Personally, I had thought this "peace process" BS dead and buried after the aforementioned Ehud Barak offered Yassir Arafat all of Gaza and 95% of the West Bank, including East Jerusalem for the Pal capital, back in September of 2000, and Arafat rejected it in favor of Intifada II. This was the final straw that brought Ariel Sharon to power, which had heretofore seemed inconceivable, and with the election of George W. Bush here, and the 9/11 attacks, the notion of a return to the undisputably discredited Oslo appeasement template appeared a non-starter. There was simply no way that Dubya would look upon the Jewish state as anything but a stalwart ally - and long-time forerunner - in both the GWOT and the democratization of the Middle East.

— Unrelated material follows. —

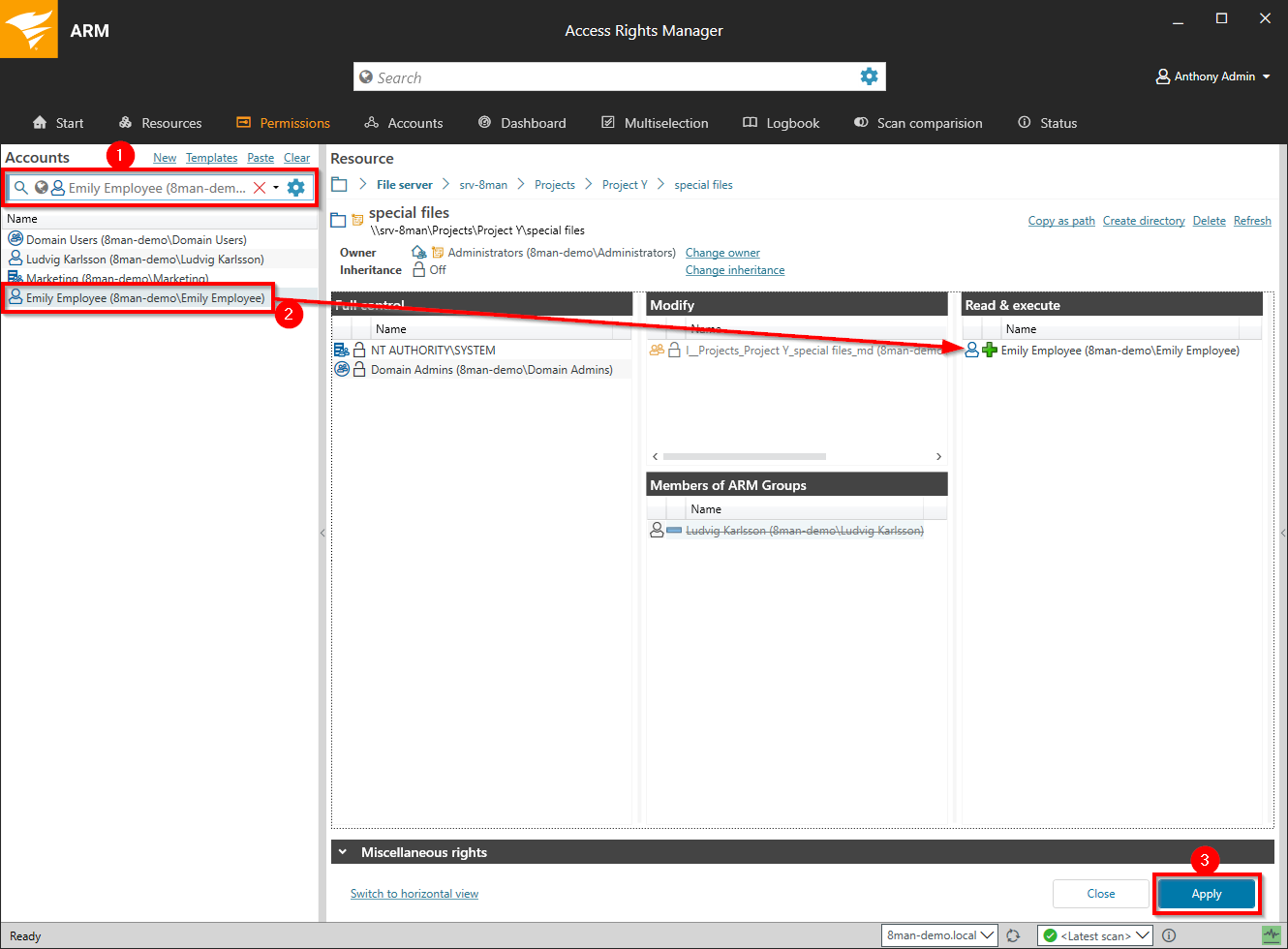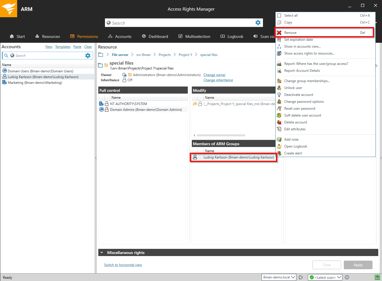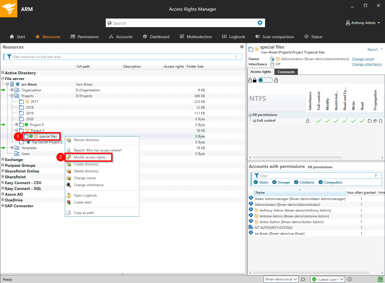Managers and team leads can use Access Rights Manager to quickly and easily create protected file server directories. This is done by creating a directory, removing all inherited rights and then adding new access rights. The result is a protected directory that only selected users have access to.

Guess the joke's on me. Only it's the Israelis who'll suffer the punchline (as noted by Evelyn Gordon in an important Jerusalem Post op-ed):

* cede full control of the Gaza-Egyptian border* create a “safe passage” (read: weapons conduit) between Gaza and the West Bank

* end its security inspections of goods passing between Gaza and Israel

* increase the number of Gazans (including potential terrorists) allowed to work in
Israel

* allow the Palestinian Authority to acquire large quantities of additional arms


It's no wonder that eventually the Jews will be driven to the point of having to rely upon an outside Western security guarantee - once withdrawn to the pre-1967 borders, with an armed jihadi camp on both sides of a geographical "waist" only ten miles wide, the IDF will be unable to defend what's left of its country, and its Muslim enemies will be unable to restrain themselves for going in for the kill.

Mark my words: this "peace" process is the road to Armageddon. And when that shooting starts, Jews will be far from the only people to perish.